First Successful Treatment of Dengue Fever and Dengue Shock Syndrome Using CytoSorb®


Nov. 22, 2016 – CytoSorbents Corporation highlights the first successful treatment of Dengue Shock Syndrome caused by Dengue virus infection using CytoSorb® as reported in a recent issue of the Journal of Evidence Based Medicine Healthcare.

Dengue virus infection is one of the most prevalent mosquito-borne illnesses in the world, endemic in 112 countries, putting an estimated 40% of the world’s population at risk.  An estimated 100 million people each year contract dengue infection, causing high fever and severe flu-like symptoms that are typically self-limited.  However, in approximately a half million people, symptoms progress rapidly to life-threatening Dengue Hemorrhagic Fever (DHF) and Dengue Shock Syndrome (DSS), where patients develop severe shock with very low blood pressure, liver injury and other vital organ dysfunction, tissue edema, and significant problems with blood clotting contributing to a high risk of bleeding.  Other than supportive care therapy, there are no specific treatments for either DHF or DSS.  The excessive production of cytokines, or cytokine storm, has often been implicated as a major contributor to severity of illness and risk of death in dengue infection.  It has been suggested that the reduction of elevated levels of soluble inflammatory mediators such as cytokines and activated complement could be therapeutic.
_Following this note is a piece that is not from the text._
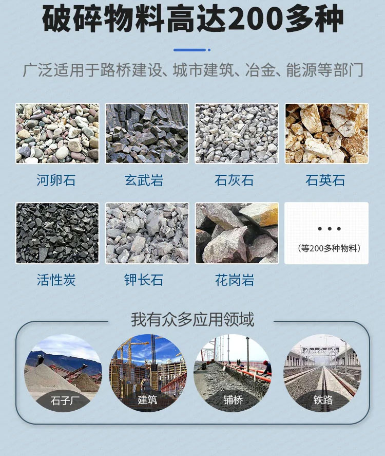 | 適應(yīng)物料: | 青石、石灰石、煤矸石等中低硬度脆性物料以及花崗巖、河卵石等高硬度物料 |

Dr. Zafir A. Khan, Director of the Department of Internal Medicine at Noble Hospital in Pune, India, recently published the first CytoSorb treatment case report of a 32 year old man infected with dengue virus who was transferred to his intensive care unit (ICU) from an outside hospital after developing progressively worsening multiple organ dysfunction syndrome (MODS), including septic shock, kidney and liver dysfunction, and respiratory distress.  Following transfer, the patient continued to worsen, with acute respiratory distress syndrome (ARDS) requiring mechanical ventilation, a systemic inflammatory response syndrome (SIRS), adverse change in mental status due to liver toxins, and acute kidney failure with an APACHE II score of 27, predicting an ICU mortality of approximately 55%.

At this point, CytoSorb blood purification therapy was initiated, in addition to renal replacement therapy for kidney failure.  The patient was treated with CytoSorb for 6 hours per day on Days 2, 4, and 6 after ICU admission, and was stabilized, showing gradual and significant improvement in clinical and laboratory parameters by the third treatment.  With continued supportive care, the patient ultimately regained function of his vital organs, was discharged from the ICU on Day 13, and recovered.

Dr. Khan concluded in the report, “In our case, [the] CytoSorb device was added as a supportive therapy to address underlying pathology due to cytokine storm.  The device helped to stabilize and revive the dengue patient with multiple organ dysfunction syndrome (MODS) and shock.  [The] majority of laboratory parameters were within the normal range after the therapy and no major adverse events were reported during or after the CytoSorb therapy.  CytoSorb seems to be an interesting and safe extracorporeal therapy option to stabilize and help dengue patients with MODS to recover.  Further research is warranted in a larger pool of patients to understand the clinical role of this device in the management of dengue fever.”